Ieri la nostra Carpi ha vissuto una di quelle giornate in cui il microcosmo cittadino riflette perfettamente le contraddizioni del macrocosmo nazionale. Mentre il ministro Nordio filosofeggiava sui codici genetici che non accetterebbero la parità, il sindaco Righi rispondeva con la fermezza di chi sa che la cultura può tutto, compreso emendare presunti difetti cromosomici. Una lezione di civiltà che partiva dalla periferia per arrivare al centro, geografico e morale, della questione.
La coincidenza temporale non poteva essere più eloquente: a pochi giorni dalla Giornata internazionale contro la violenza sulle donne, Carpi si trovava a dover gestire contemporaneamente questioni di grande respiro etico e problemi più prosaicamente terrestri. Perché mentre Righi smontava pezzo per pezzo le argomentazioni pseudoscientifiche del guardasigilli, via Abetone diventava teatro di uno scontro che ha coinvolto cinque persone, ricordandoci che la fragilità umana non ha bisogno di giustificazioni genetiche per manifestarsi.
C'è qualcosa di profondamente simbolico nel modo in cui la nostra città ha affrontato questi eventi. Da una parte la fermezza intellettuale di chi rifiuta determinismi biologici comodi quanto falsi, dall'altra l'immediata mobilitazione di vigili del fuoco e sanitari per soccorrere chi si trovava intrappolato nelle lamiere. Due facce della stessa medaglia: la capacità di reagire con la mente e con il cuore, con l'argomentazione e con l'azione.
Non meno significativo il fatto che il centro storico sia stato teatro di un'operazione antidroga che ha portato al sequestro di 350 grammi di hashish. Il sagrato del Duomo trasformato in piazza di spaccio ci ricorda che certi problemi non risparmiano nemmeno i luoghi più simbolici. Ma anche qui, la risposta è stata all'altezza: professionalità, discrezione, efficacia. Senza proclami, senza teoremi sui geni del crimine.
L'ironia della storia vuole che proprio in una giornata dedicata alle attività culturali - con la riapertura di San Nicolò dopo dodici anni e gli spettacoli del Kataklò - sia emersa con particolare evidenza la centralità della cultura come antidoto ai determinismi. Non è forse significativo che una chiesa risorta dalle macerie del terremoto riapra i battenti proprio mentre si discute di resilienza e rinascita? Non è forse simbolico che la danza visionaria del Kataklò celebri la capacità umana di reinventarsi, proprio mentre qualcuno vorrebbe inchiodarci ai nostri presunti limiti biologici?

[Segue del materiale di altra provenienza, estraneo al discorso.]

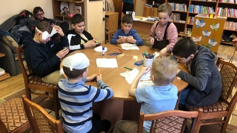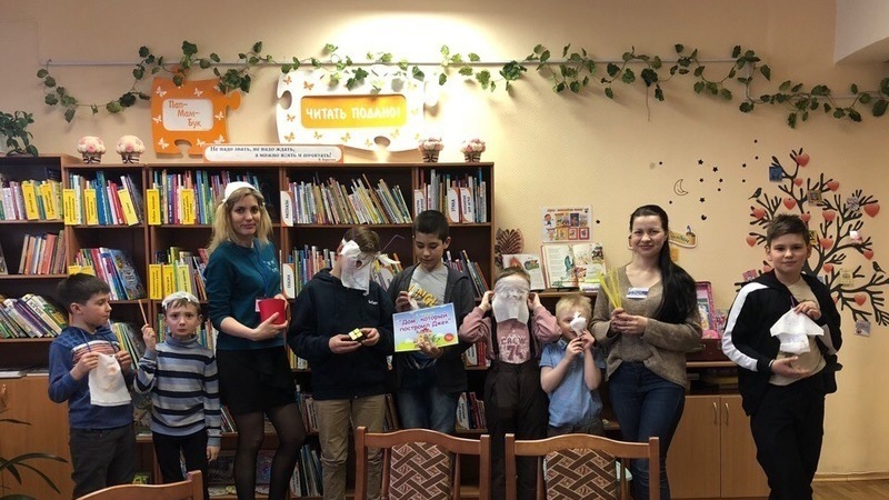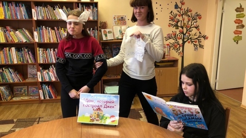 В течение 15 минут, используя тканевые салфетки, фломастеры, резинки и коктейльные соломинки, читатели должны были между собой распределить роли и создать образы героев стихотворения.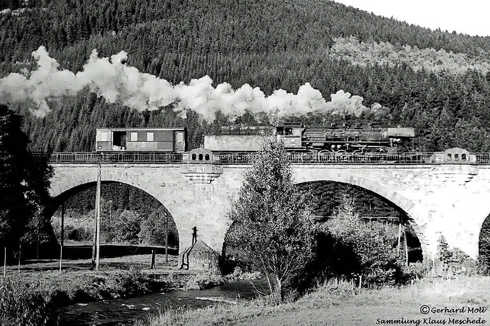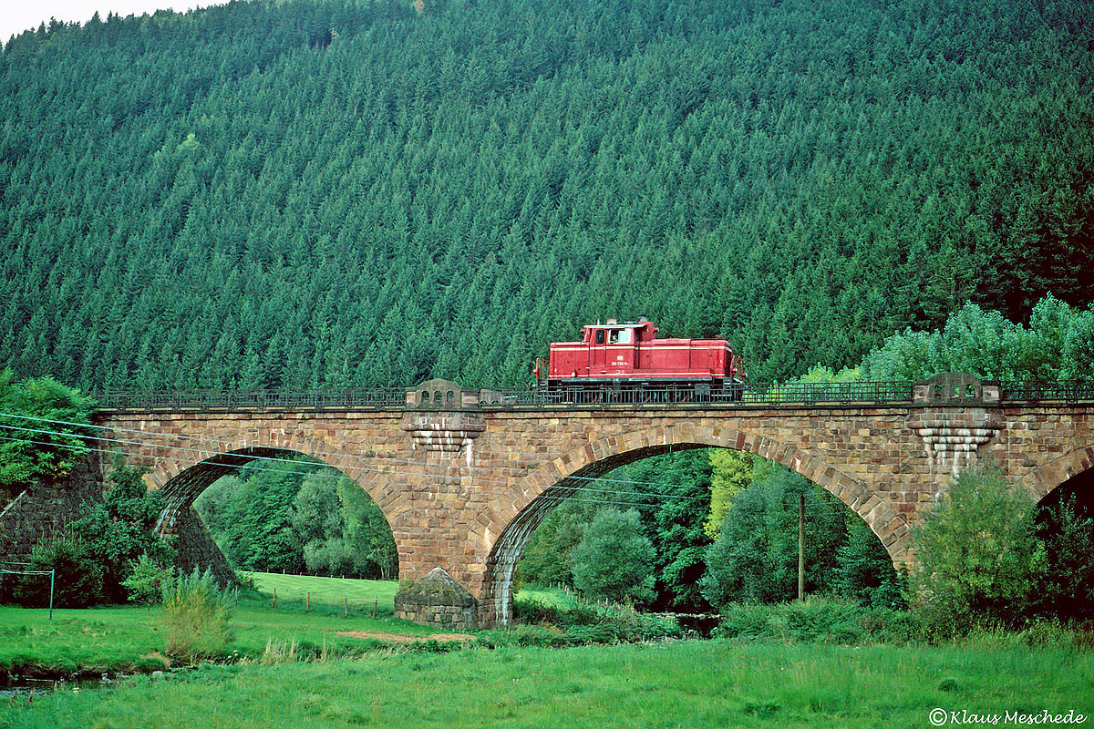 Km 2,4 HeitmickeviaduktIn Kilometer 2,4 erreicht die Strecke mit dem Heitmickeviadukt den ersten, größeren Kunstbau. Die dreibögige Brücke ist komplett mit Natursteinen verkleidet. Hiervon können wir drei Bilder mit Zugverkehr zeigen: Links hat Gerhard Moll eine in Richtung Würdinghausen fahrende Übergabe mit der BR 50 und einem Güterzugbegleitwagen aufgenommen und rechts kehrt 261 734 im Oktober 1979 leer nach Altenhundem zurück (Bild: Klaus Meschede):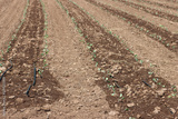 Green cabbages cultivation with drip irrigation system. Cabbages in a row in the field on a sunny day. Brassica oleracea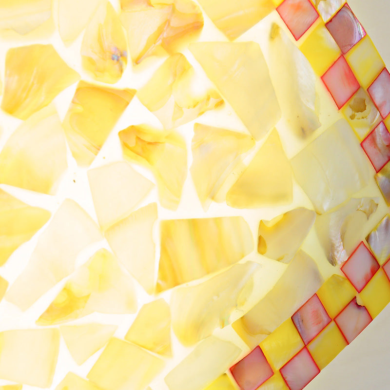 16/12W Convex Tiffany Style Stained Glass Flush Bedroom Light In Beige

La verità è che Carpi ha dimostrato ieri, ancora una volta, di possedere quella che potremmo chiamare "intelligenza civica": la capacità di tenere insieme rigore intellettuale e pragmatismo operativo, visione etica e concretezza amministrativa. Dal sindaco che non si lascia intimidire da ministri improvvisati genetisti, agli operatori che salvano vite umane, agli agenti che presidiano la legalità nei luoghi più centrali della città.
Forse è proprio questo il vero DNA di Carpi: non quello immaginario che ci condannerebbe a determinismi biologici, ma quello culturale che ci spinge a credere che si possa sempre fare meglio, che i problemi abbiano soluzioni, che la civiltà sia un cantiere sempre aperto. Un patrimonio genetico particolare, il nostro: quello che si trasmette attraverso l'educazione, l'esempio, la responsabilità condivisa.
E mentre altrove si teorizza sull'immutabilità della natura umana, la nostra città continua testardamente a dimostrare che l'unico codice che conta davvero è quello civile. Quello scritto non nei cromosomi, ma nella capacità quotidiana di scegliere la parte giusta della storia.